In trying to suss out my AME failure issues I did a ton of research and do not recollect seeing your type of error. My limited familiarity with the innards of software leads me to believe that you might have a wormy install of something. You might try uninstalling and reinstalling CS3. Please stop rolling your eyes now. (grin) If that doesn't solve it, blow away the entire machine and reinstall the OS. Do a full drive format too. (Is it still called "low level"?) Drive issues can cause weird problems.

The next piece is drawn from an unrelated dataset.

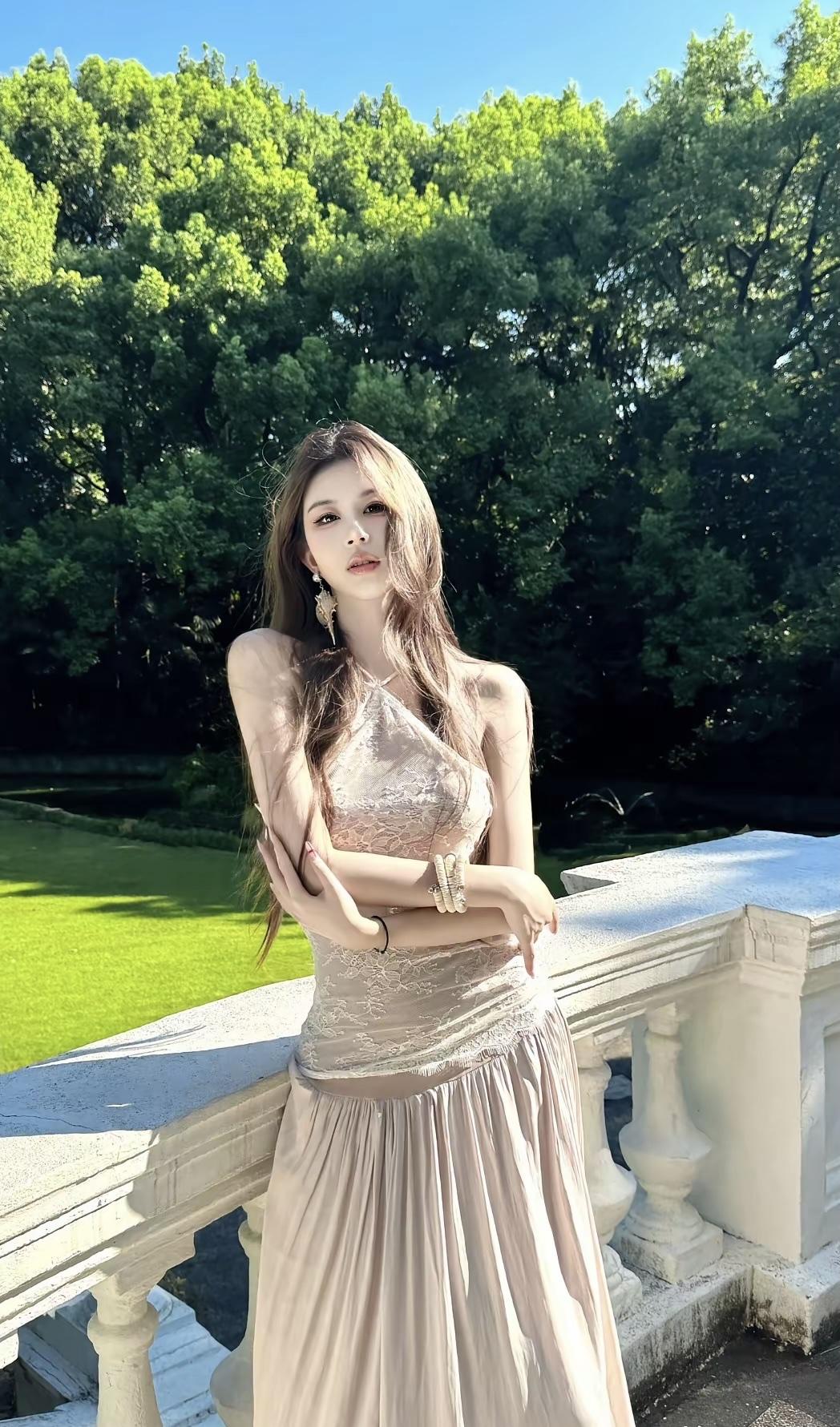 优雅绿意中,她如梦似幻,轻纱裙摆随风飘逸。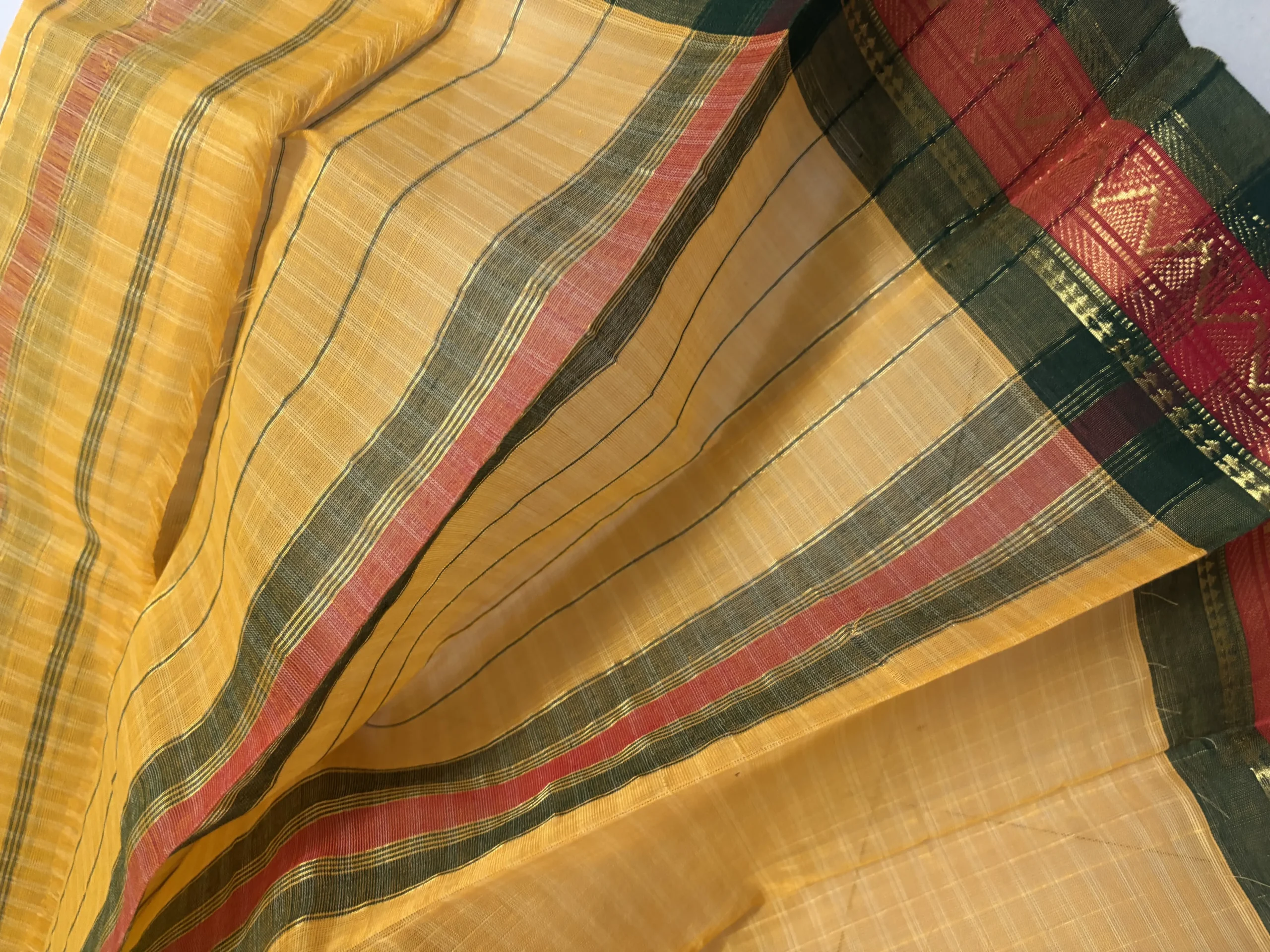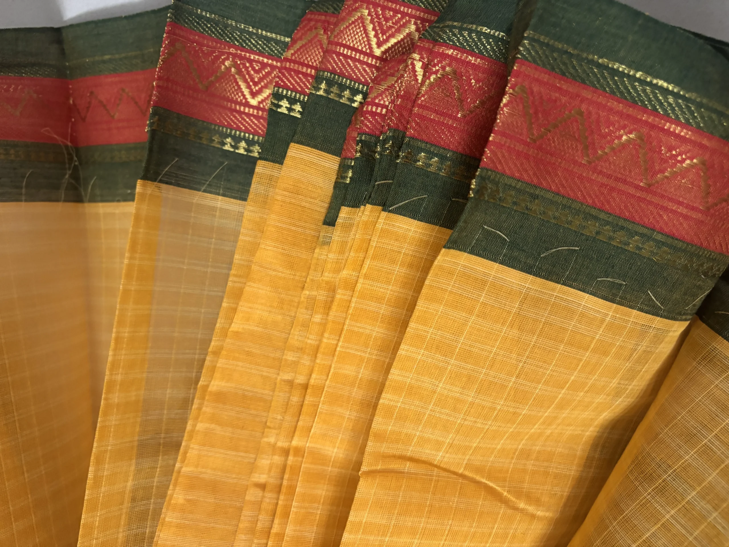 Golden mustard Narayanpet handloom cotton saree with checked pattern and maroon border

Whilst this may sound a bit drastic, it's simpler than trying to solve the problem at the component level. It may actually be quicker too.
Patrick Myers
October 7th, 2009, 02:26 PM
I was dreading that that was what I might have to do. I am on a very tight time limit to get these videos exported and onto DVD Masters so I think I will just have to tough it out for a while.
Update: It seems to work when I completely shut the machine down and start rendering after booting it back up. Might this mean that I have a memory leak problem? Also I am working on a internal RAID 0. Might that cause problems?
Tripp Woelfel
October 7th, 2009, 07:12 PM
Update: It seems to work when I completely shut the machine down and start rendering after booting it back up. Might this mean that I have a memory leak problem? Also I am working on a internal RAID 0. Might that cause problems?
Glad to hear you got is at least partially sorted. A reboot can cure a variety of ills. I always reboot before I render.
A properly configured RAID shouldn't make a difference. It just looks like a really big and really fast disk to the OS and apps, assuming it's a hardware RAID. It can be that way for a software RAID too but there are lots of variables with that one.